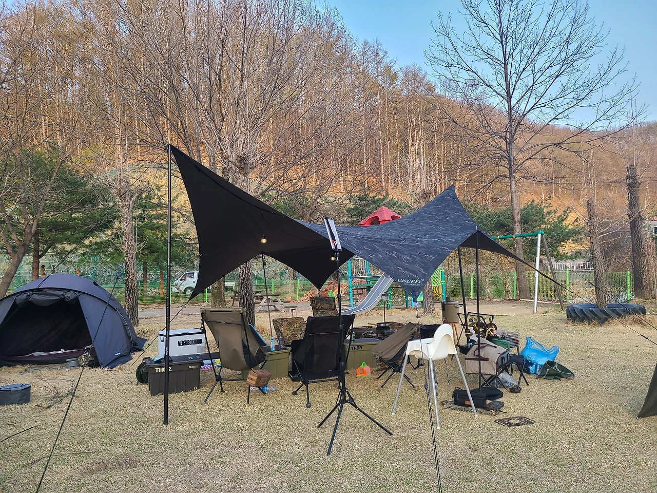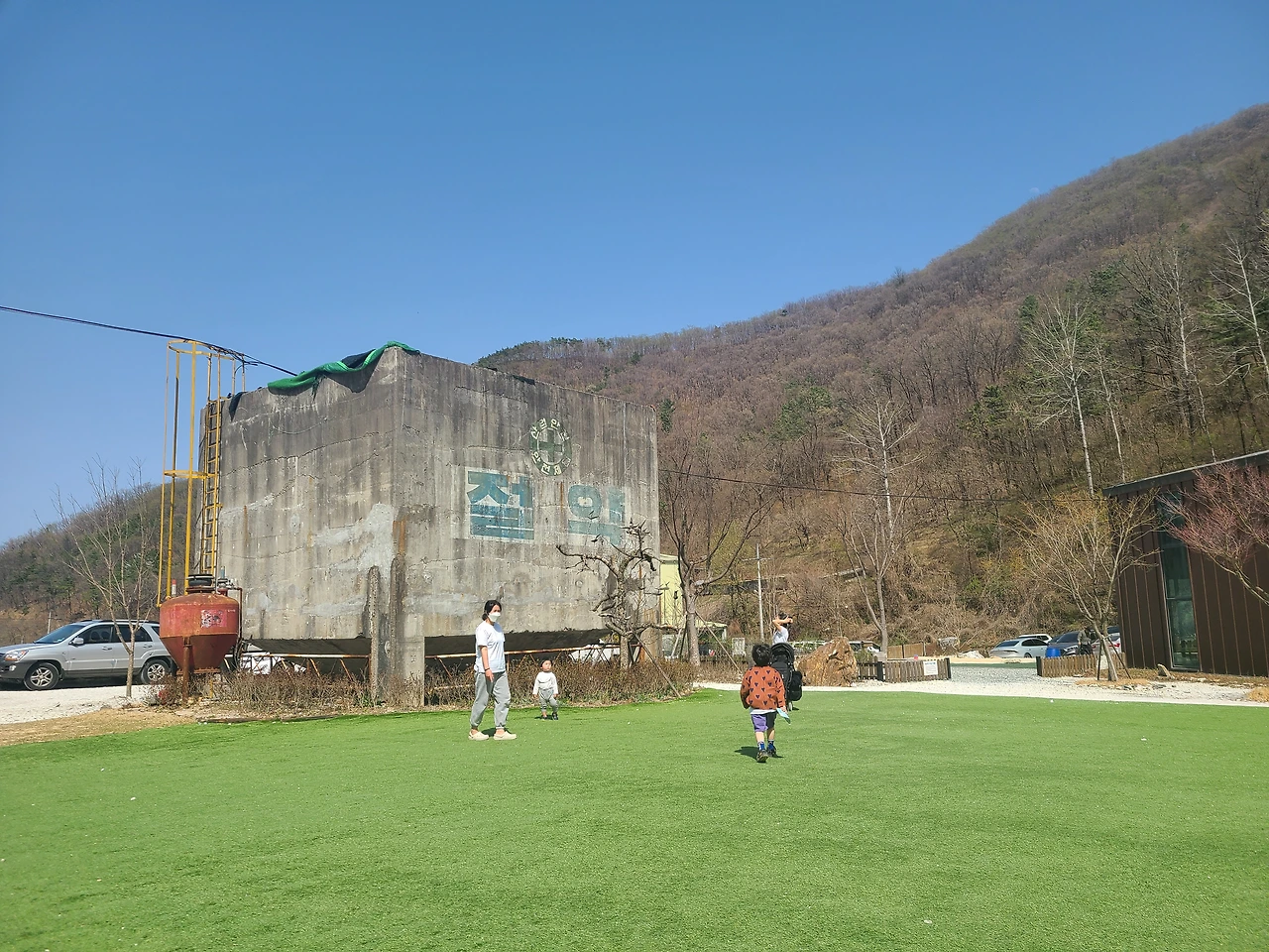 잔디 존에서만 차박이 가능해서 우린 다른 선택지가 없었지만 꽤 마음에 드는 사이트였다. 간격이 정해지 않아서 넓게 사용 가능했고 놀이터가 바로 앞에 있고 농장도 맞은편에 있으니 아이들이 놀기 좋은 동선이었다. 놀이터 때문에 시끄럽고 농장 냄새가 난다고 비추하는 글이 있어서 걱정했었는데 우리가 온 날에는 놀이터에 놀러 오는 아이들이 몇 명 없었고 사실 우리 아이들이 제일 시끄러웠다. 농장 냄새는 바람이 부는 방향에 따라 났다가 안 났다가 했는데 나중에는 적응이 되어서 냄새를 느끼지 못했다.
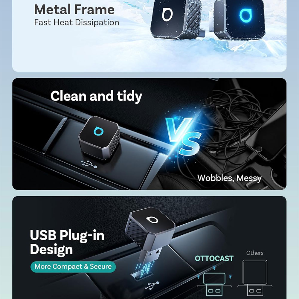 Upgrade mobil kamu dengan wireless CarPlay mini cube 3.0 dari Ottocast! Mengubah koneksi kabel jadi wireless, dengan chip A7S 2025, WiFi dual band & Bluetooth 5.0 untuk koneksi cepat dan stabil tanpa delay, auto connect 10 detik, bisa 2 perangkat sekaligus, AI Assistant Ready, kontrol tetap full dari mobil, desain mini metal anti panas, kompatibel 98% mobil CarPlay atau Android Auto, plug & play tanpa ribet.
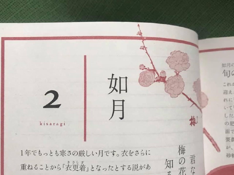 Второй месяц, самый холодный в году, носит поэтическое название «кисараги» и записывается вот такими иероглифами 如月. Правда, иероглифы и их чтения в данном случае совершенно не очевидны. Боюсь, даже японцам приходится заучить, что вот эти два иероглифа вместе читаются именно так.
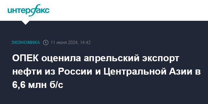 Москва. 11 июня. INTERFAX.RU - Общий объем экспорта нефти из России и стран Центральной Азии в апреле составил в среднем 6,6 млн баррелей в сутки, что соответствует объемам, поставленным в марте, говорится в ежемесячном отчете ОПЕК.
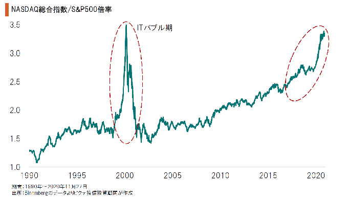 IT関連主導の相場は、社会の変化に加え、中央銀行による潤沢なマネーの供給が背景と言える。ゼロ金利が続くなか、リスク許容度が高まり、その一部が成長株へ向かったのではないか。新型コロナの収束へワクチンの接種が開始される見込みとなったが、景気回復には時間を要するだろう。金融緩和の継続により、成長株投資が続く可能性は高いと考えられる。
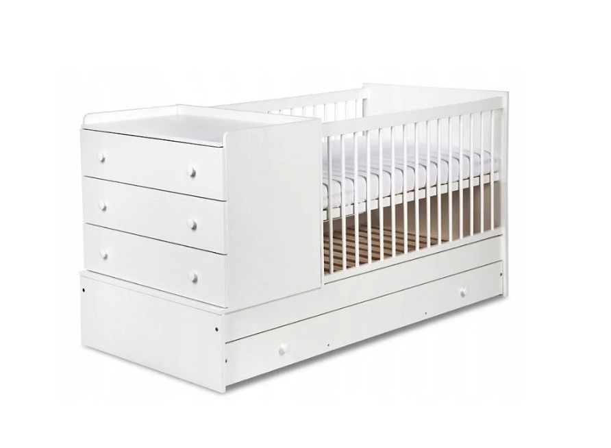 Acest patut transformabil bebelusi Klups KOMPAKT este confectionat din lemn si pal, fiind ideal pentru bebelusi, de la nastere si pana la varsta adolescentei. Este prevazut cu o comoda cu modul de infasat si 3 sertare. La demontarea modulului de infasat, comoda poate fi utilizata ca noptiera in varianta junior.
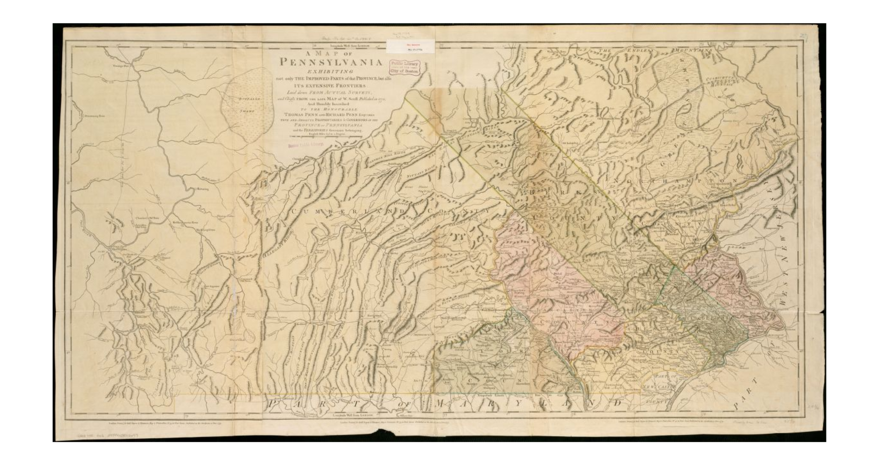 This was either William Scull (1739-1784), To the Honorable Thomas Penn and Richard Penn, Esquires, True and Absolute Proprietaries and Governors of the Province of Pennsylvania and the Territories Thereunto Belonging and to the Honorable John Penn, Esquire, Lieutenant-Governor of the Same, This Map of the Province of Pennsylvania Is Humbly Dedicated (Philadelphia, 1770; about 32 by 22 inches), or Thomas Jefferys' A Map of Pennsylvania Exhibiting Not Only the Improved Parts of That Province, But Also Its Extensive Frontiers: Laid Down from Actual Surveys, and Chiefly from the Late Map of W. Scull Published in 1770; and Humbly Inscribed to the Honorable Thomas Penn and Richard Penn, Esquires, True and Absolute Proprietaries & Governors of the Province of Pennsylvania and the Territories Thereunto Belonging (London, 1775; about 27 by 52 inches), both of which are pictured here.
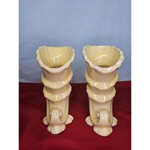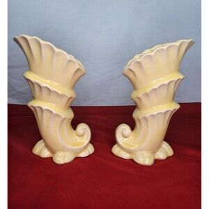 Vintage Yellow Cornucopia Shell Vase Set of 2. Marked USA # 675 at the bottom.
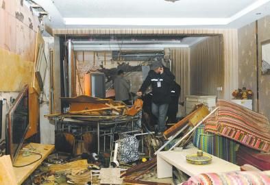 爆炸威力現(xiàn)場清晰可見:該屋朝西向是草坪和小區(qū)道路,可看到陽臺門和玻璃窗全部洞開,里面漆黑一片,窗簾被炸飛落在門口的綠化帶和樹枝上。屋內各式家當物品凌亂堆積,墻上的電視被炸塌毀壞,吊頂撕裂下墜,裸露在外的電線扯掛在倒地的桌椅上。
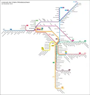 - ↑ "Liniennetz und Streckenfahrpläne" (in German). Deutsche Bahn, S-Bahn Mitteldeutschland. 2015. Retrieved 2015-12-25.
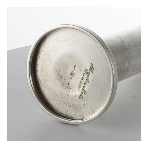 h. 14,5 cm.Silvered metal monofiore vase, production brand, wears
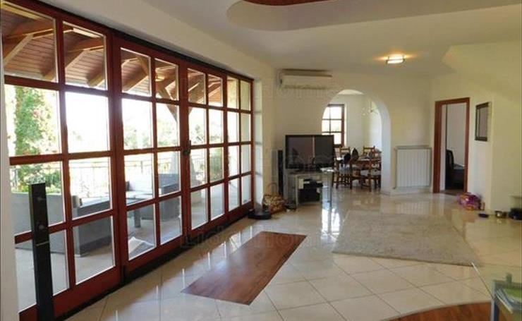 -a jelenleg lakott földszinti lakrész 130 m2-es. Helyiségei: előtér, nappali, étkezős konyha, kamra, közlekedő, 4 szoba, 2 fürdőszoba, egy külön wc kézmosóval. a szinthez 2 nagy terasz kapcsolódik, összesen 70 m2-el.
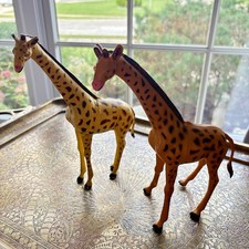 Two African Giraffe 5" Tall Vintage 1980's Hard Plastic Toy Models
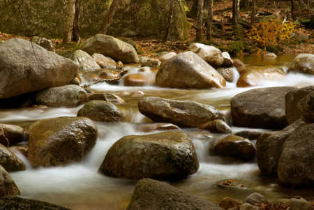 Very scenic cascades in the White Mountains of New Hampshire. The water winds and flows over the granite boulders in the stream. Taken with a slow shutter speed to smoth the water.
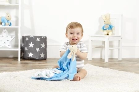 Das entzückende Schnuffeltuch mit Häschen PETER RABBIT begeistert jedes Baby. Es ist kuschelweich, angenehm zu berühren und lässt sich leicht zusammenrollen und mit einem Knopf sichern. Außen blau, innen mit Illustrationen nach Beatrix Potter verziert. Ideal als Geburtsgeschenk oder zur Taufe.
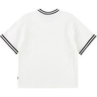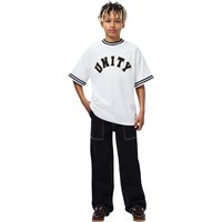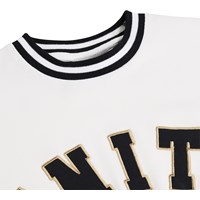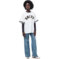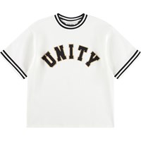 Wit T-shirt met een ronde hals en gestreepte boord rond de hals en mouwen. Het T-shirt heeft een ruimvallende pasvorm met een sportieve, klassieke uitstraling en de tekst Unity op de voorkant.
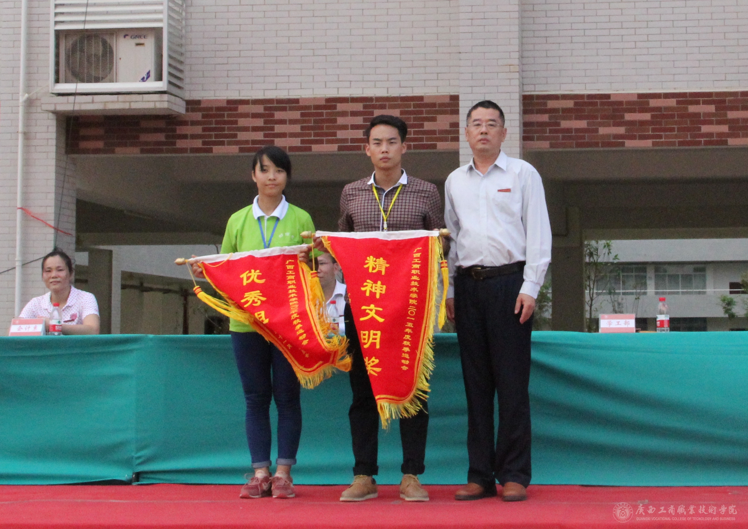 在本次校运会成绩宣布后,是振奋人心的颁奖仪式。由学院党委学工部部长付光,教务科研处副处长阙勇平对获得各项比赛一、二的团体颁奖。
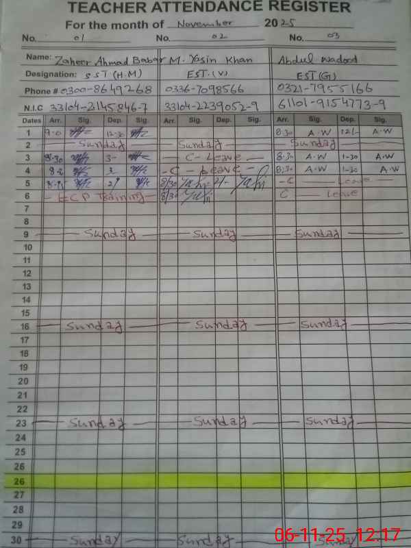 | Name: Za**** Ah**** Ba**** Designation: (School Headmaster's/Headmistress's) SST (Arts) Phone/Cell Number: 03**** |
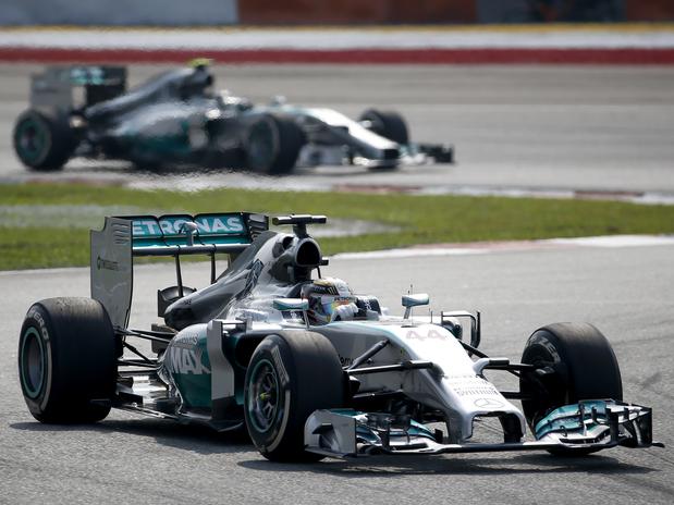 Lewis Hamilton venceu com sobras o Grande Prêmio da Malásia de Fórmula 1, neste domingo, no Circuito de Sepang. Pole position da prova, o britânico praticamente não foi ameaçado durante toda a corrida e cruzou a linha de chegada à frente de seu companheiro, o alemão Nico Rosberg. Sebastian Vettel, em final de semana competitivo, completou o pódio com a terceira posição.
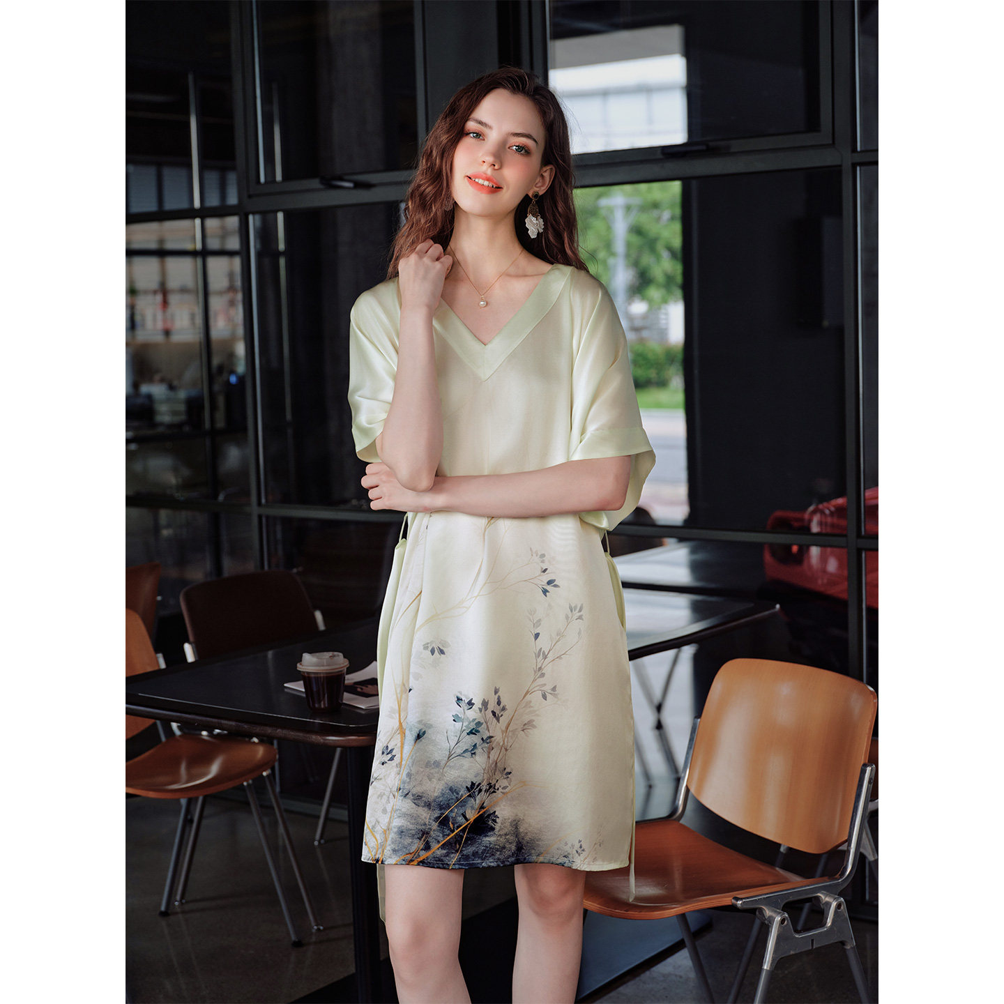美标真丝睡衣女士中袖短睡裙性感19姆米桑蚕丝家居服丝绸连衣裙
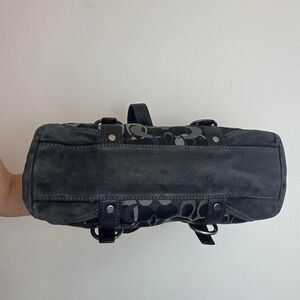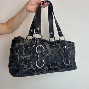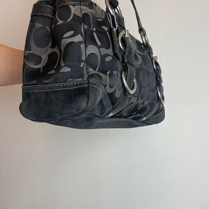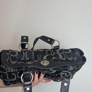 Coach Vintage Y2K Turnlock Black and Grey Signature C Canvas and Leather Suede Shoulder Bag

———

WHAT YOU WILL DO — Exactly as they appear, repeat the lines from the one containing "Wit T-shirt met" through the last line of the entries, counting both ends. Pictures stay out.

TASK OUTPUT —
 Wit T-shirt met een ronde hals en gestreepte boord rond de hals en mouwen. Het T-shirt heeft een ruimvallende pasvorm met een sportieve, klassieke uitstraling en de tekst Unity op de voorkant.
 在本次校运会成绩宣布后,是振奋人心的颁奖仪式。由学院党委学工部部长付光,教务科研处副处长阙勇平对获得各项比赛一、二的团体颁奖。
 | Name: Za**** Ah**** Ba**** Designation: (School Headmaster's/Headmistress's) SST (Arts) Phone/Cell Number: 03**** |
 Lewis Hamilton venceu com sobras o Grande Prêmio da Malásia de Fórmula 1, neste domingo, no Circuito de Sepang. Pole position da prova, o britânico praticamente não foi ameaçado durante toda a corrida e cruzou a linha de chegada à frente de seu companheiro, o alemão Nico Rosberg. Sebastian Vettel, em final de semana competitivo, completou o pódio com a terceira posição.
美标真丝睡衣女士中袖短睡裙性感19姆米桑蚕丝家居服丝绸连衣裙
 Coach Vintage Y2K Turnlock Black and Grey Signature C Canvas and Leather Suede Shoulder Bag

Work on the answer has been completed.